Among some gentle suggestions : please don't smoke your notebooks; can you pull your pants up so you are not naked; please don't piss in the gutter right next  to someone. I am starting to realize that the boys appear like they want the attention. I am learning slowly that this makes them feel cared and perhaps they are starving for this attention.

The process of songwriting is slow to start. Since we don't have instruments, we only use what is here: bucket lids, wet blankets, pencils, the ground, their bodies and their voices. The boys start to hum. One boy who looks like a boxer, punched in both eyes, starts to drum on a schoolbook, biting his lips. Another starts singing in a voice with an earthy grit that twists and turns you sideways. One boy starts singing an octave higher.

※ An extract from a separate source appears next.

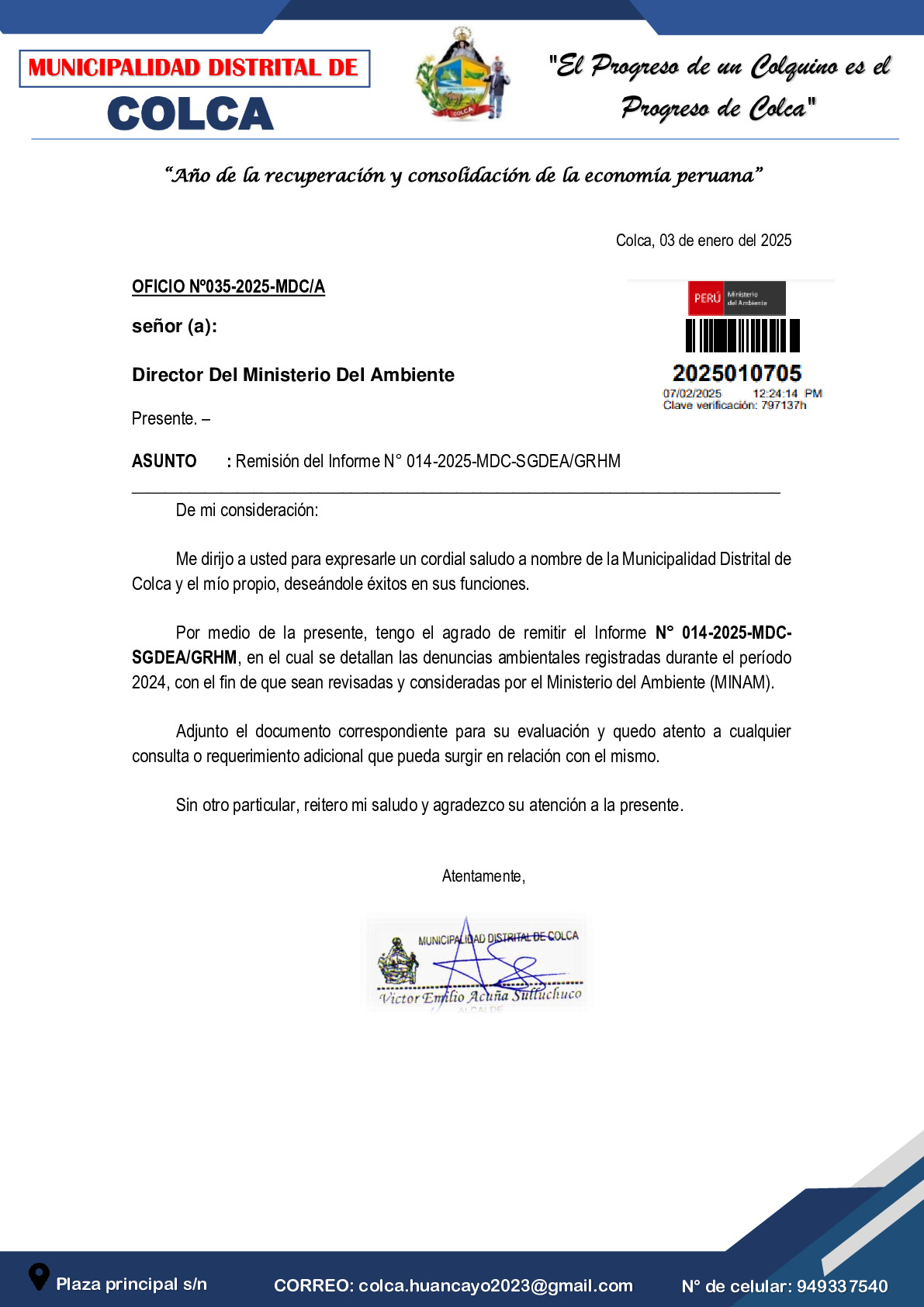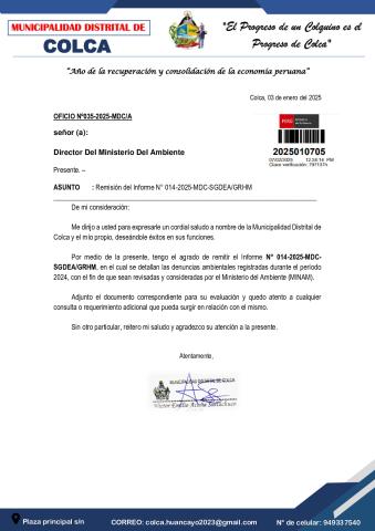 Informe sobre reporte de denuncias ambiental es anuales 2024 Municipalidad Distrital de Colca

The boys get up on their feet. Sounds join together, creating this melody of want. Some of the boys start to dance, closing their eyes, isolating each movement. Their dance is like jazz.  I stand back to watch.

The abundance in here blows my mind. Each boy in this group is crazy talented. Right now,  there is no more smoke from the stove in the courtyard. The sun is not blistering. I'm not worried.  The only thing I feel is this joy coming from the circle of sound.

One of the boys tells me that I should consider Kachere my second home.  They remember my name now.  The sweetness in this place reminds me that no one wants to be forgotten. I wish that everyone who reads this could experience what I am, because it reminds us of the joy of listening.

Dec 25, 2009
Mia K.

Sunday, December 13, 2009

Musings on Hanukkah and I Live Here- Happy Holidays

Hello All.

While I was celebrating the 3rd night of Hanukkah tonight with family, I got to thinking, as I often do :), about I Live Here and how I got involved with ILH’s work. Incidentally, I found quite a few commonalities between the holiday of Hanukkah and I Live Here that I thought I might share with you. 

As a woman, a writer, teacher and activist, I felt an affinity to the stories in the  I Live Here Anthology when I first read it last October. And as a Jew, I was incredibly moved by Mia sharing about her family’s history; the theme of global suffering and recollection of Holocaust certainly resonated. Deuteronomy 4:9 states: "Take heed...lest you forget the things which your eyes have seen, and...teach them to your children and to your children's children." This little line in the Torah always stayed with me from the time I was very young- the notion of the importance of memory, of recalling what one has seen in order to teach it to future generations.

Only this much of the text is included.